Some of the evidence that this is the case comes from a survey that APA conducted of its members in April about the impact of the current economic crisis on their patients, themselves, and their practices. Eight hundred-and-five members responded.
Said one: “I thought as a doctor I'd never have to worry about money. Wrong! Half of my retirement funds are gone. I have worked very intensely my whole career and was looking forward to a great retirement fairly soon.”
Said a second: “I am losing money on seeing patients in the office. If it were not for a clinical trials practice and some speaking engagements, I would have gone bankrupt a while ago.... In addition, I have given up the thought of retirement.”
A third reported: “My patients are more stressed, sicker, and crankier. That increases my stress and also my receptionists' stress.”
And a fourth noted: “I am still extremely busy—working harder for less income. Yet I feel lucky to be working nonetheless.
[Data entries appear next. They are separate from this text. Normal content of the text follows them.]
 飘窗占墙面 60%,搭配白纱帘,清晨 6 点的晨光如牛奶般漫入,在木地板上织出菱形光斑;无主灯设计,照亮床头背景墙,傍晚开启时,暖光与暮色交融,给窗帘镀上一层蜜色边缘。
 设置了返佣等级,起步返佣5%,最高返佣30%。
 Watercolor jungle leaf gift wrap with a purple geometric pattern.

If this continues, however, there will be a point of diminishing returns in which my practice will fail.”
Interviews that Psychiatric News conducted with members likewise illustrate how the economic crisis is impacting some of them.
“I see so many students ... working long hours as well as carrying heavy academic loads,” Leigh White, M.D., who works in a student psychiatry service at Michigan State University, told Psychiatric News. She finds their struggle disheartening, she said. Sometimes she is tempted to tell them, “Don't work so hard,” but then she recalls,“ They need their job to afford college, to afford medication, and to see me. It is sort of a Catch-22 situation.”
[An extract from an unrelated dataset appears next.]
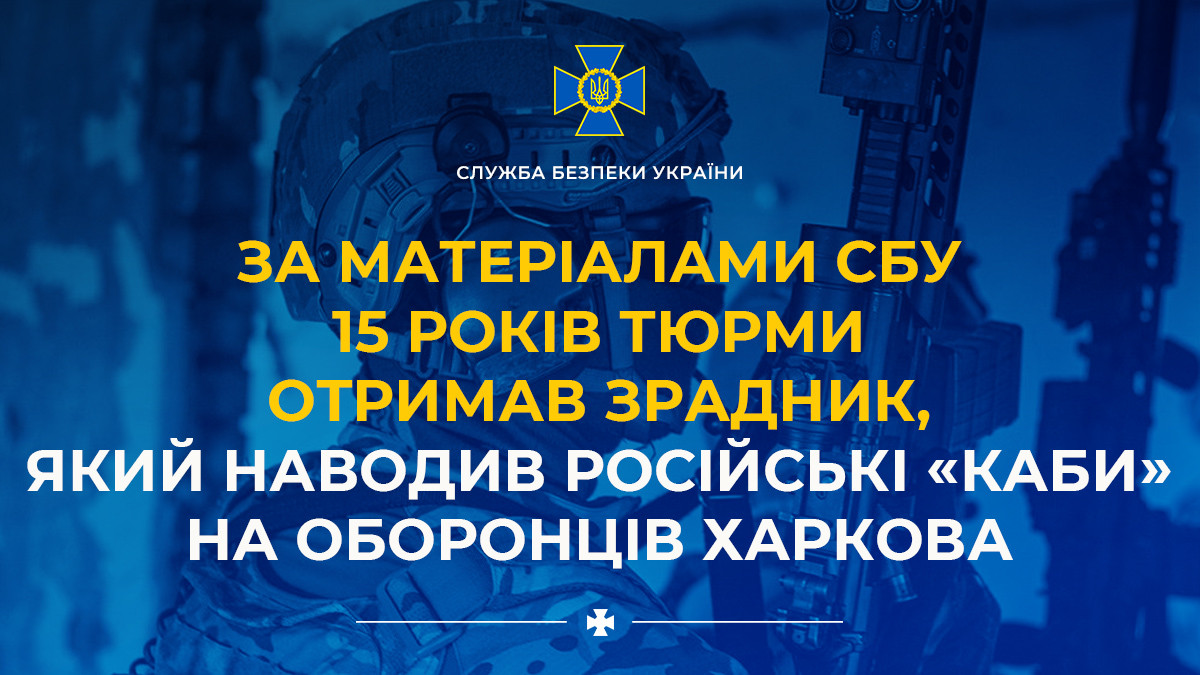 За матеріалами СБУ 15 років тюрми отримав зрадник, який наводив російські «КАБи» на оборонців Харкова

“As an individual I am not, of course, any more immune to the recent economic forces than my patients are,” Charles Berlin, M.D., a Pittsburgh psychiatrist in private practice, said during an interview.“ I worry about my declining investments as I approach retirement as much as my patients worry about their own finances. That's given rise for me to need to pay particular attention to my own countertransference feelings when this topic comes up in the office.”
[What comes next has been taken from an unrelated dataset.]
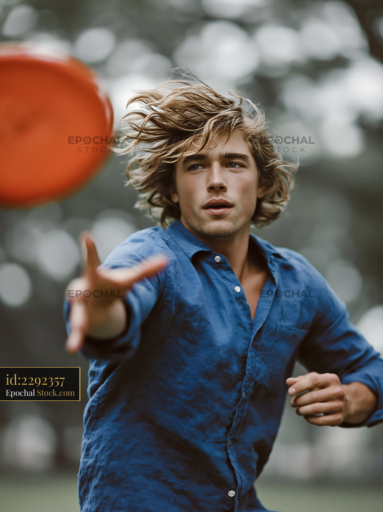 A focused young man in a blue linen shirt reaches for a flying orange frisbee outdoors, capturing a moment of summer leisure, athletic agility, and youthful energy.

“We have had a number of psychiatrists [leave the state], so it has significantly elevated my workload,” Michael Engel, D.O., a psychiatrist in private practice in Traverse City, Mich., lamented. Also, “when patients fear that they are going to experience foreclosure or bankruptcy, that makes my life as a psychiatrist more stressful because I have more things to do to help them manage.”
“I have been working half time for the state of California and have been furloughed for 10 percent of it,” Robert Burchuk, M.D., of Woodland Hills, Calif., reported. Burchuk is also president-elect of the Southern California Psychiatric Society.
“We are on an inner-city urban campus, so we see a fair number of patients who don't have insurance or who have Medicaid,” Daniel Dahl, M.D., an associate professor of psychiatry and psychiatry residency training director at the University of Alabama, said. “What would impact us would be substantial cuts in Medicaid. They would drastically affect the financial resources of our department. We hope we don't see those cuts, but there is that potential.”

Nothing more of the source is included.